Chinese President Xi Jinping’s speech in China’s 19th National Congress Party meeting on October 18 highlighted achievements and outlined future endeavours. President Xi spoke of his vision of development and stated that no country can develop in isolation and this speaks well for the future of the Belt and Road Initiative (BRI) and the China-Pakistan Economic Corridor (CPEC).
As President Xi Jinping takes China forward on the path of development and growth, this also provides ample opportunities for Pakistan to progress further through CPEC by capitalising on its enormous opportunities and realising inclusive growth it promises.
Keeping in view the challenges faced by today’s world, China’s Belt and Road Initiative aspires for a win-win cooperation, mutual development and shared prosperity with a vision to promote infrastructural development and socioeconomic uplift of the region. CPEC and BRI have similarities in terms of development and progress. The year 2013 was significant in that it witnessed the signing of the MoU on CPEC with Pakistan and the announcement of China’s One Belt One Road (OBOR) initiative by President Xi Jinping. The BRI provides exclusive opportunity to facilitate policy coordination and enable synergy for pursuing inter-connected development to accrue maximum benefits from this mega regional initiative.
Today, CPEC has emerged as the most successful corridor amongst the six existing corridors in BRI. The exemplary pace of CPEC speaks volumes about the hard work of our policymakers, engineers, workers and security personnel. The projects in the energy sector, transport infrastructure, industrial cooperation and Gwadar will create massive opportunities. Specifically, the improved transport infrastructure through highway projects and Railways Mainline One (ML-I) expansion and up-gradation project will change the dynamics of our businesses, transportation and tourism.
The introduction of a rail-based mass transit system in all provincial headquarters will transform the outlook of our major urban centers and lead to improved road and rail connectivity. As a result, massive opportunities for our young and skilled labour will be created, meeting the ever-growing need of a healthy and prosperous life.

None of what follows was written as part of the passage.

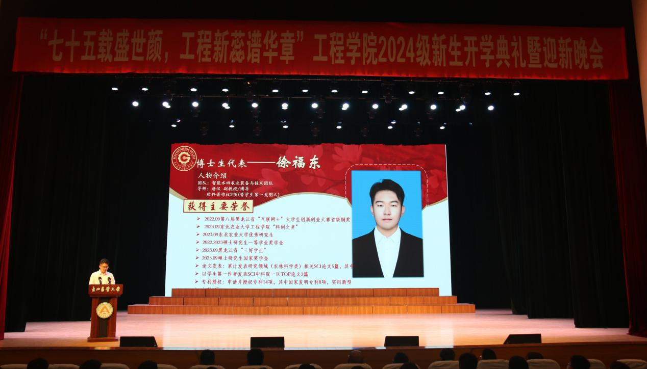 博士生导师、教授公维佳代表全体教师发言,她建议2024级新同学们虚心学习、潜心科研,敢于走出舒适圈,自信而坚定去实现人生梦想。高考成绩613分的本科新生代表机化2481班许博雅作分享了她对农业机械的兴趣与喜爱,并且对未来四年大学生活的无限期待。研究生新生代表博2401班徐福东发言中号召同学们要打牢基本功,拓展知识面,锻造硬脊梁”“铁肩膀”“真本事,为全面建设社会主义现代化强国贡献自己的青春力量。在校生代表机化2206班杨彦晖同学在发言中首先表达了对学院的感谢,随后以自身的成长经历鼓励新同学们砥砺前行,创造属于自己辉煌。

The beginning of 2018 will mark the completion of the Early Harvest Phase of CPEC wherein critical bottlenecks of economic growth will be removed incrementally. The next challenges are industrial development, agriculture sector cooperation and timely completion of the Gwadar projects. Importantly, the shifting of reliance from imported fuel to indigenous sources of energy through completion of hydel, solar, wind and Thar coal mining projects will ensure energy security, reduce our import bill of fuel and will also provide cheaper electricity.
As some milestones are being achieved, some new timelines are being set. Completion of more projects will transfer the benefits of improved infrastructure and availability of electricity to the masses. This will improve productivity and bring foreign direct investment and foreign tourists to Pakistan, thereby ensuring well-rounded human development and common prosperity for everyone.
The establishment of a consortium of business schools between top 10 universities/institutions is the stepping stone towards further engagement and collaboration in the field of research and policy formulation. During a recent visit of Chinese industrial experts, it was decided that vocational institutes would be set up across the country. Moreover, a study on developing Special Economic Zones with the Centre of New Structural Economics at Peking University will give a much-needed boost to our industry and HR development.
The vision laid out by President Xi Jinping is a realistic plan of growth within its own characteristics, connectivity, and peaceful co-existence. All this supports CPEC and the development it entails. The rise of China to the centre stage of the world promises enormous opportunities to its trusted friend, Pakistan. There is a lot we can learn for nation-building, improving living standards, education and strengthening military.
However, as the Chinese saying goes, the last leg of a journey just marks the half-way point. The CPEC dream has also only entered the first stage and meeting the overall objectives will require hard work, national consensus, participation of all segments of society, a strong sense of responsibility and measured urgency by all stakeholders in CPEC.